In 1997, many walked out on The Postman, starring and directed by Kevin Costner. Arguably, it is bad. But there’s a less plausible argument that the film was well ahead of its time. The protagonist survivor is an unreconstructed charlatan. Costner’s smirk — at having survived an inferred nuclear holocaust — would make Ted Cruz proud. He is not an advocate for sustainability. He has a modest talent for self-preservation, the lust for life required to relish his chances with a woman who, under ordinarily civilized circumstances, he wouldn’t have a chance with. In Oregon, people live under the boot of an Aryan mafia, deprived, but Costner himself is not resolved so much as irritable. In the face of death, he is rascally. Of all human qualities that catastrophe might emphasize, could it be narcissism that proves itself roach-like, invulnerable? How many died for Costner to wryly reclaim his sense of destiny? How many times was the script polished to end this way?

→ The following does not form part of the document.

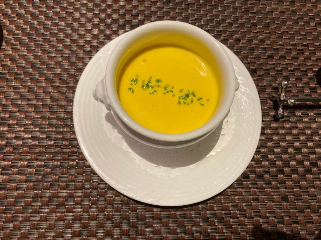 というのも、超個人的なお話、私かぼちゃが大好物で、とくにかぼちゃのポタージュというものは家ではなかなか再現もできず、幸せの象徴だったりするのです。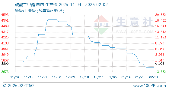 2月2日,生意社碳酸二甲酯基准价为3750.00元/吨,与本月初持平。

Michael Ruppert is the voluble subject of Collapse. He is encyclopedic with Titanic analogies, the price of gold, the law of thermodynamics. He recommends good soil, landlines. But nothing will stop the shortages, runs, busts, and crashes of those steep waves of population, fake money. Ruppert operates adjacent to the mainstream; he is UCLA poli-sci, but a cranky self-publisher; an ex-LAPD public defender of the CIA theory of crack cocaine. After an hour-long lecture, he is overcome with emotion. The moment is a precise cut between his extolling community (“You will survive as a member of a family”) and his lament, “we have waited so long for somebody to listen to us.” The temptation is to view him through the lens of millennial zealotry. He is tired of being ignored, the latter remark ringing unfortunately with persecution complex, complete with weird, culty choice of pronoun. But what if he is simply demonstrating empathy for the human condition, feeling the suffering of actual billions he sees sacrificed to a system we refuse to limit? Isn’t that decency? The phrase “what makes us human” is invoked strictly in admiration. It’s just like us to afford ourselves that kind of certainty. And it is that convenience which makes us human, for better or for worse.